Takeaways from Wizards' Game 2 win over Atlanta Hawks behind John Wall's big night

As entertainment value goes, there was no rhythm, painful poor shooting and a plethora of whistles that “refs you suck” chants became the most entertaining part of Game 2 between the Wizards and Atlanta Hawks at Verizon Center on Wednesday

The uneven affair ended in a 109-101 as the Wizards took a 2-0 lead in front of another sellout of 20,356. Game 3 takes place Saturday at Phillips Arena.

The Wizards led by as many as 10 points in the first half but were undone by foul trouble across the board. It wasn’t until Bradley Beal’s three midway through the fourth quarter to give them a 91-89 lead did they pull away.

John Wall (32 points, nine assists, five rebounds) kept Washington ahead most of the game as they took a 51-43 lead at the half despite just eight fast-break points.

As fouls disrupted Scott Brooks’ rotations, the Wizards finally were able to create separation near the end. Beal (31 points) and Marcin Gortat (14 points, 10 rebounds, five blocks) carried the offense along with Brandon Jennings (10 points).

Jennings has a series of jumpers and an assist to Jason Smith (eight points, eight rebounds) to get the score tied at 84 for the final push.

But it was a jumper by Wall off of Gortat’s screen and a dunk off a turnover by Atlanta for a 103-98 lead with 65 seconds left.

Paul Millsap (27 points, 10 rebounds) led Atlanta, with Dennis Schroder (23 points), Taurean Prince (12 points) and Kent Bazemore (eight points) contributing.

--The Hawks’ first major adjustment was moving Millsap to center and when they came back to take a 24-23 lead at the end of the first quarter it was jump-started that way. Millsap made a bank shot, assisted Bazemore on a make and had a steal that cut a 10-point deficit in half quickly. They also played Millsap as the five in the fourth while Dwight Howard (six points, seven rebounds) only logged 20 minutes.

[RELATED: Brooks goes 1-on-1 to talk the edge Morris brings to Wizards]

-- After 21 turnovers in Game 1, Atlanta had 18. A giveaway in the final minute is how Wall made it a two-possession game. The Wizards scored 23 points on them.

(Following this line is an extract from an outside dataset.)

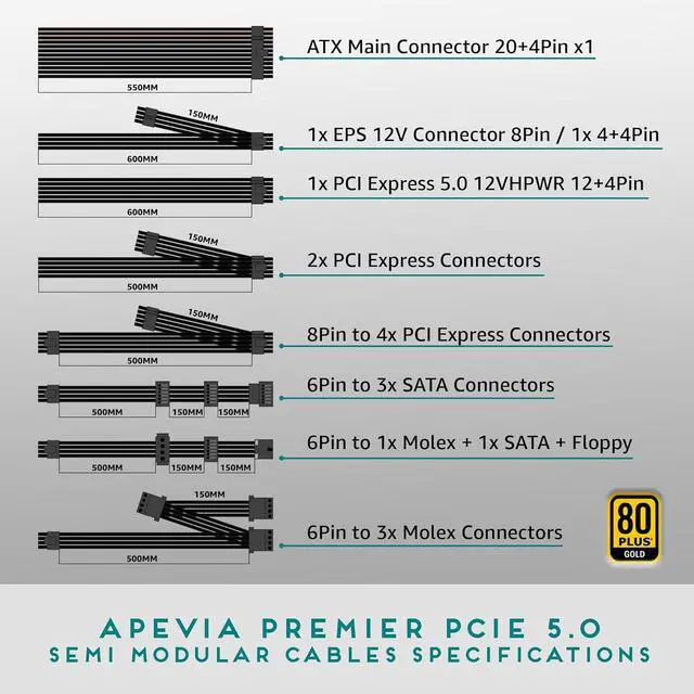 Semi Modular Design Supports Cable Management. Connectors: 1 x 20/24pin Main Power, 2 x P8(4+4P) ESP 12V, 1x PCIE 5.0 / Gen 5 12VHPWR 12+4 (12pin/16pin) GPU Connector, 4 x SATA + 4 x 8(6+2)pin PCI-E, 4 x Peripheral, 1 x Floppy. Single 12V Output for Higher Power Usage

--Jennings went back to being an open door on defense. Schroder and Bazemore had simple drivebys to get to the rim that allowed Atlanta to lead by as much as four in the first quarter. Jose Calderon (two points) is a much better matchup for Jennings, who can better stay in front of him and isn’t at a significant strength disadvantage. Schroder went immediately by Jennings for a layup, then made two free throws, two free throws for Bazemore and consecutive layups for Schroder. To start the fourth, Mike Muscala (two points) got a dunk because Smith had to help Jennings for allowing Calderon in the paint. Morris got his fifth foul in similar fashion, after Jennings gambled for a reacharound on Tim Hardaway (19 points) to prevent a dunk.

--Beal had his share of open shots and mismatches but was indecisive. He hesitated on at least three open looks in the first half. Then late in the second quarter he had Muscala on a mismatch at the arc, held the ball and got off an awkward shot in the lane that wasn’t close. It continued in the third when Beal missed a shot in the lane and then passed on an open look to Smith who missed the corner jumper. Beal, however, had 14 points in the fourth.

--Howard was absent for most of the second quarter as Muscala got most of the time. Gortat had to make him pay and did. Wall continued to run the pick-and-roll and Muscala was unable to defend it (like Howard) but instead of giving up the lane jumper it was clean dives to the rim. On two occasions, Millsap was late as the 2 vs. 1 coverage on the ballhandler (Wall) couldn’t prevent the pass.

--The shooting was terrible. In the first half, the teams combined to go 32-for-85 from the field, or 37%. The Hawks were 0-for-8 on threes. They ended 4-for-20, or 20%.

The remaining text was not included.